King Pedro IV of Aragon authorized the construction of walls and granted independence to Morella on June 8, 1358; but eleven years later he changed his mind and canceled the privilege. Felipe IV understood the financial burden this posed to the villages, and in payment for services rendered by the villagers in the wars of France and Catalonia, the independent will.

Joan Baptista Penyarroja of Carlos II was the notary who succeeded in gaining the independence of all the villages and the erection in royal villas February 8, 1691.

In the War of the Spanish Succession, the town took the side of Archduke Charles of Austria.

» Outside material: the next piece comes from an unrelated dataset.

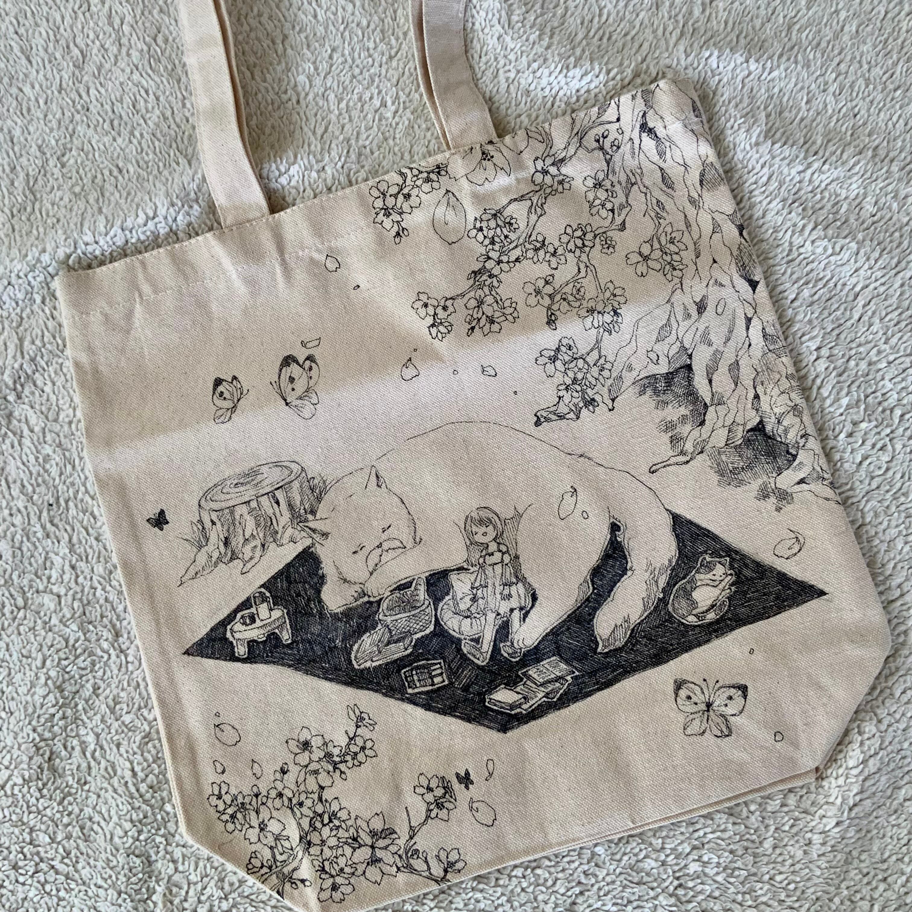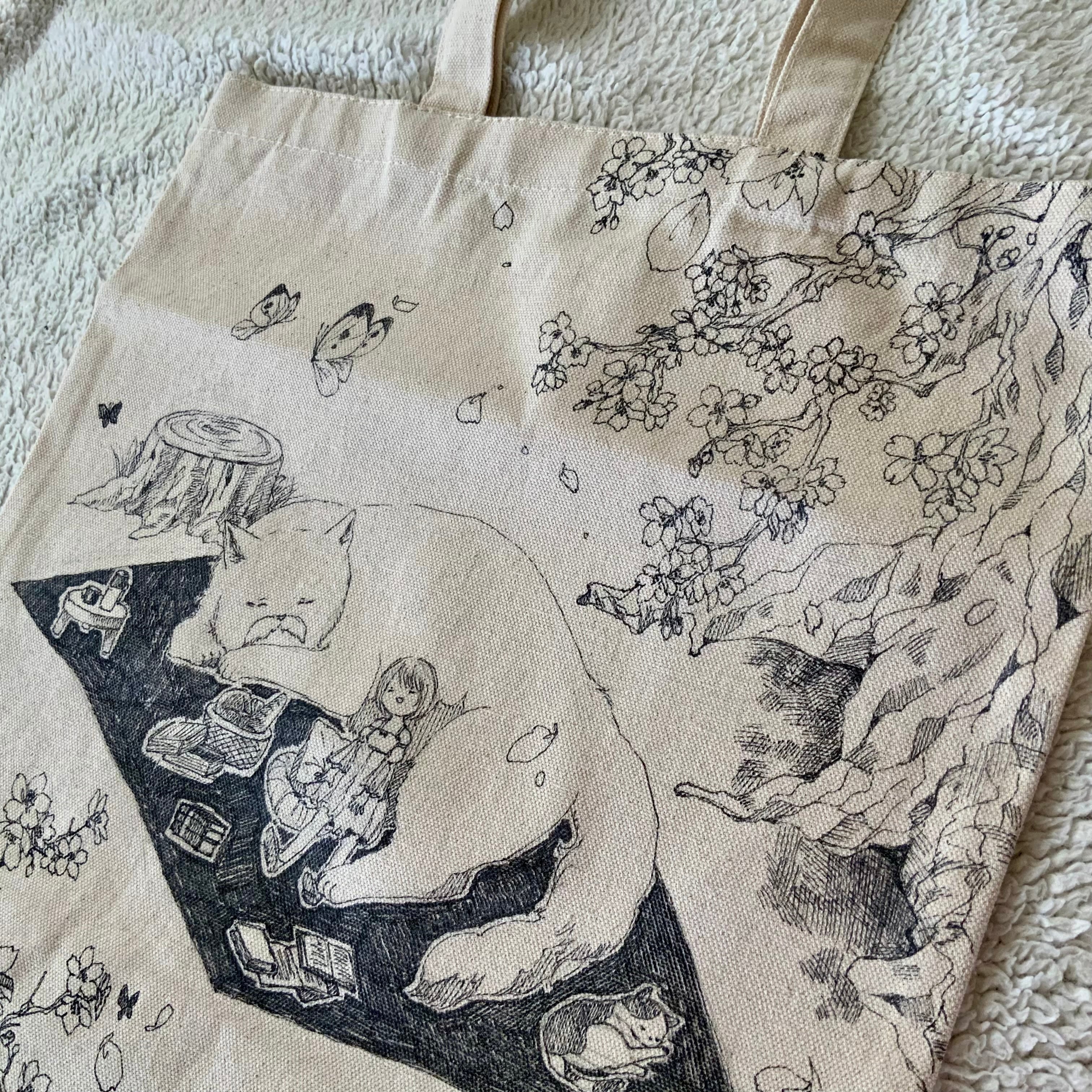 手描きトートバッグM 桜舞う庭先

Although there was always an important traditionalist core and a native son, the famous guerrilla "El Serrador", sided with liberals loyal to Elizabeth II, but Cabrera took her by surprise in 1834. Then it was another strong liberal stronghold again until being abandoned, as it was trapped between the Carlist domains. In the area of the town, two memorable battles were fought: the Mas de la Carrasca and Pla de Mosorro on June 28, 1875, won by Jovellar, Azcarraga and Villaviciosa against Dorregaray, Cucala and Villalaín (who died in action). This battle has been considered as the beginning of the end of the war in the centre of Spain and Valencia.

In 1943 the provincial council (diputación provincial) voted for the mayor of Vilafranca, Juan Antonio Aznar Inigo, for the position of procurador (member of the Cortes) in the I Legislature of the Cortes Españolas (1943-1946), representing the municipalities of the province.